(Data extract)
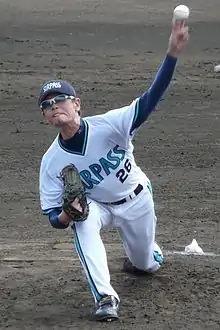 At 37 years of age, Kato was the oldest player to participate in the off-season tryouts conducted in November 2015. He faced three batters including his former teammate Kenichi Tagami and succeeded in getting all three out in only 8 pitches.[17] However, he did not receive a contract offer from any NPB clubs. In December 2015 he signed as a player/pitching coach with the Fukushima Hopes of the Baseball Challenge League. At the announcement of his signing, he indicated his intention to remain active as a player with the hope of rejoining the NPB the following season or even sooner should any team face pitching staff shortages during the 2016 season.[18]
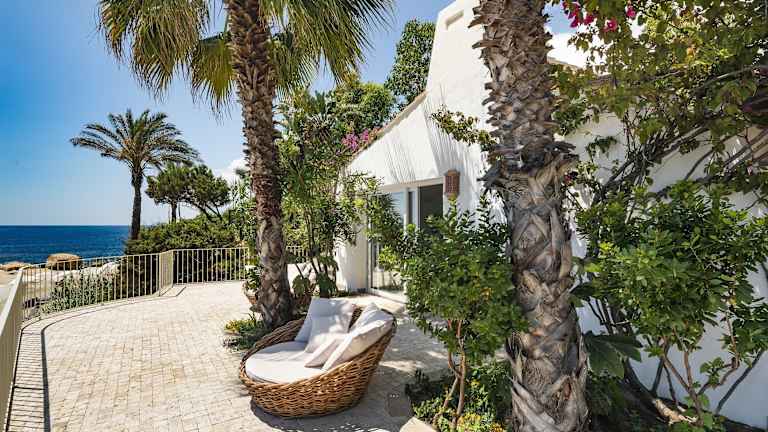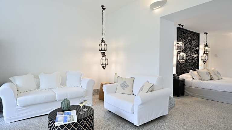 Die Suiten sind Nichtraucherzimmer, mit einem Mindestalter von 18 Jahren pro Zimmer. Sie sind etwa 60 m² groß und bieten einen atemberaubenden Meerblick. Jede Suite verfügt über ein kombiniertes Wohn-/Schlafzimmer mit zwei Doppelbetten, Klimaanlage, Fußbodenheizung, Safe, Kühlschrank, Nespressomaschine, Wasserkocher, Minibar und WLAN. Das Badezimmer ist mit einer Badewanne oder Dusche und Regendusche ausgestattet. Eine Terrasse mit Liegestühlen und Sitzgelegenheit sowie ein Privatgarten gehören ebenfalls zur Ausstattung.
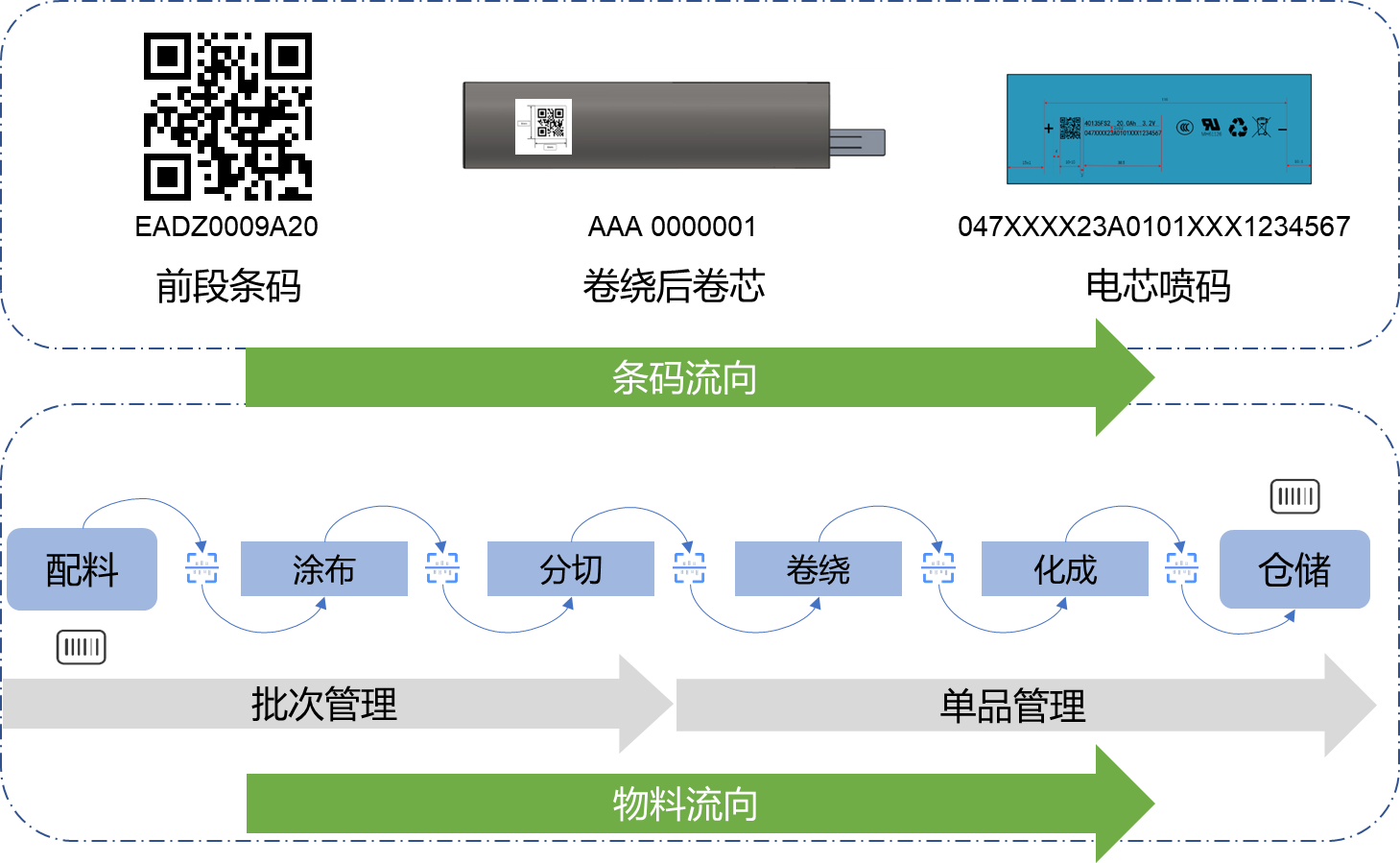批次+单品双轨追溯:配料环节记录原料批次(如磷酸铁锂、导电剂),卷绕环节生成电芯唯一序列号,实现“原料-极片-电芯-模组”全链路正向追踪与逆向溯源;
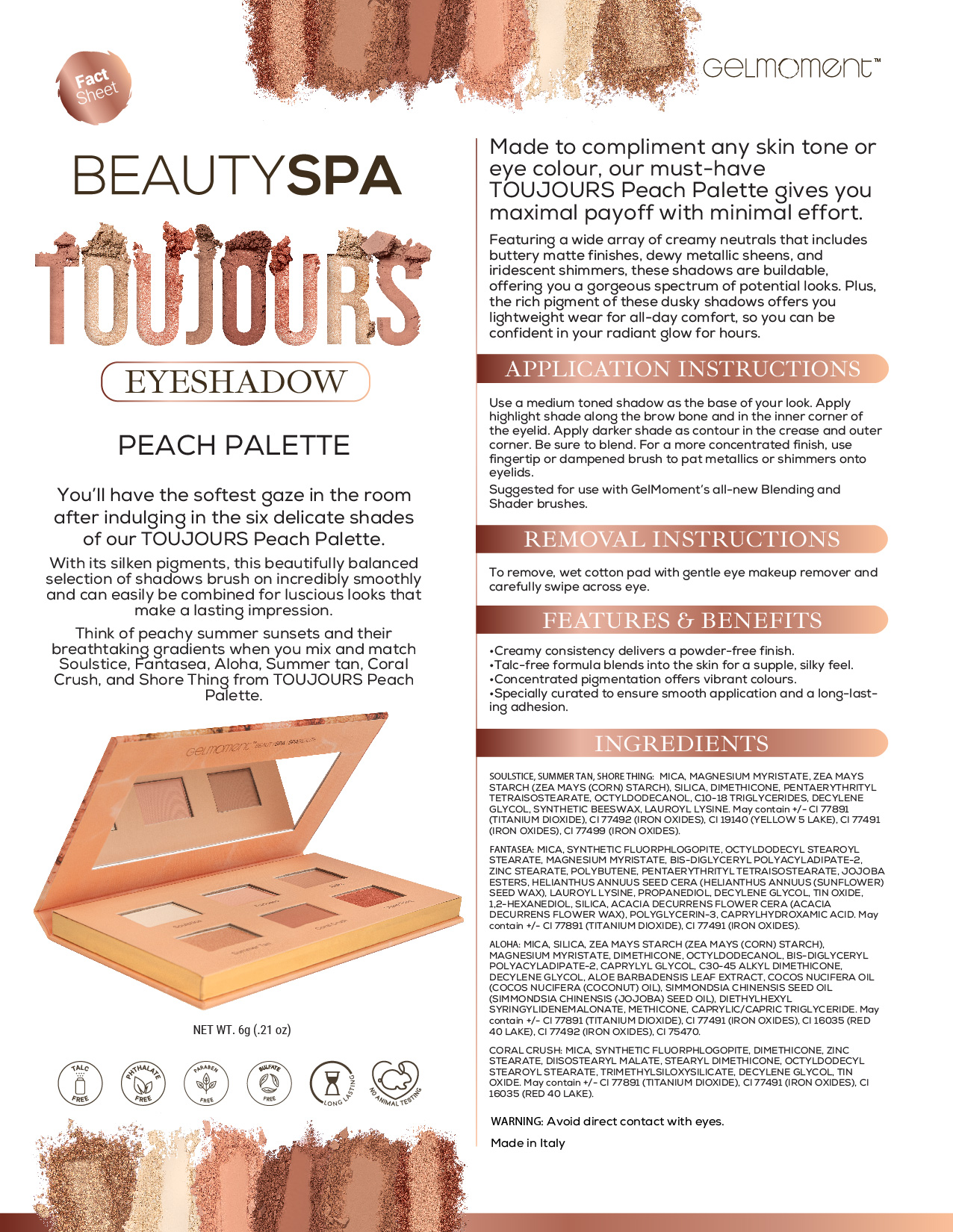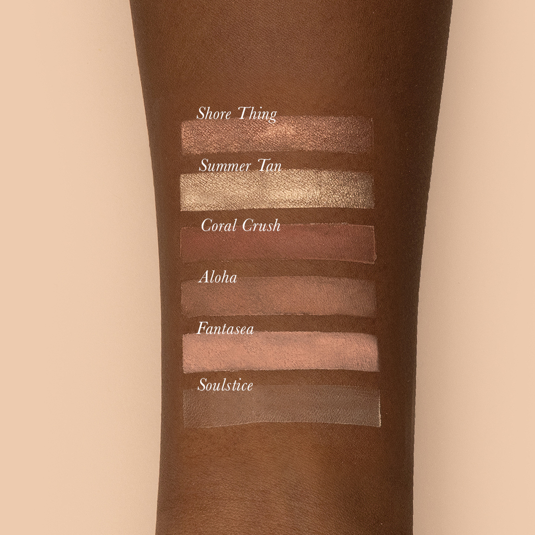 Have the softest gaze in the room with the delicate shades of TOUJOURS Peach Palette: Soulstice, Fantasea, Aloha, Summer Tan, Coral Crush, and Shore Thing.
(End Data extract)
Task brief:
Exclude the pictures and give back the rest of the data above exactly as written.

Exercise response:
 At 37 years of age, Kato was the oldest player to participate in the off-season tryouts conducted in November 2015. He faced three batters including his former teammate Kenichi Tagami and succeeded in getting all three out in only 8 pitches.[17] However, he did not receive a contract offer from any NPB clubs. In December 2015 he signed as a player/pitching coach with the Fukushima Hopes of the Baseball Challenge League. At the announcement of his signing, he indicated his intention to remain active as a player with the hope of rejoining the NPB the following season or even sooner should any team face pitching staff shortages during the 2016 season.[18]
 Die Suiten sind Nichtraucherzimmer, mit einem Mindestalter von 18 Jahren pro Zimmer. Sie sind etwa 60 m² groß und bieten einen atemberaubenden Meerblick. Jede Suite verfügt über ein kombiniertes Wohn-/Schlafzimmer mit zwei Doppelbetten, Klimaanlage, Fußbodenheizung, Safe, Kühlschrank, Nespressomaschine, Wasserkocher, Minibar und WLAN. Das Badezimmer ist mit einer Badewanne oder Dusche und Regendusche ausgestattet. Eine Terrasse mit Liegestühlen und Sitzgelegenheit sowie ein Privatgarten gehören ebenfalls zur Ausstattung.
批次+单品双轨追溯:配料环节记录原料批次(如磷酸铁锂、导电剂),卷绕环节生成电芯唯一序列号,实现“原料-极片-电芯-模组”全链路正向追踪与逆向溯源;
 Have the softest gaze in the room with the delicate shades of TOUJOURS Peach Palette: Soulstice, Fantasea, Aloha, Summer Tan, Coral Crush, and Shore Thing.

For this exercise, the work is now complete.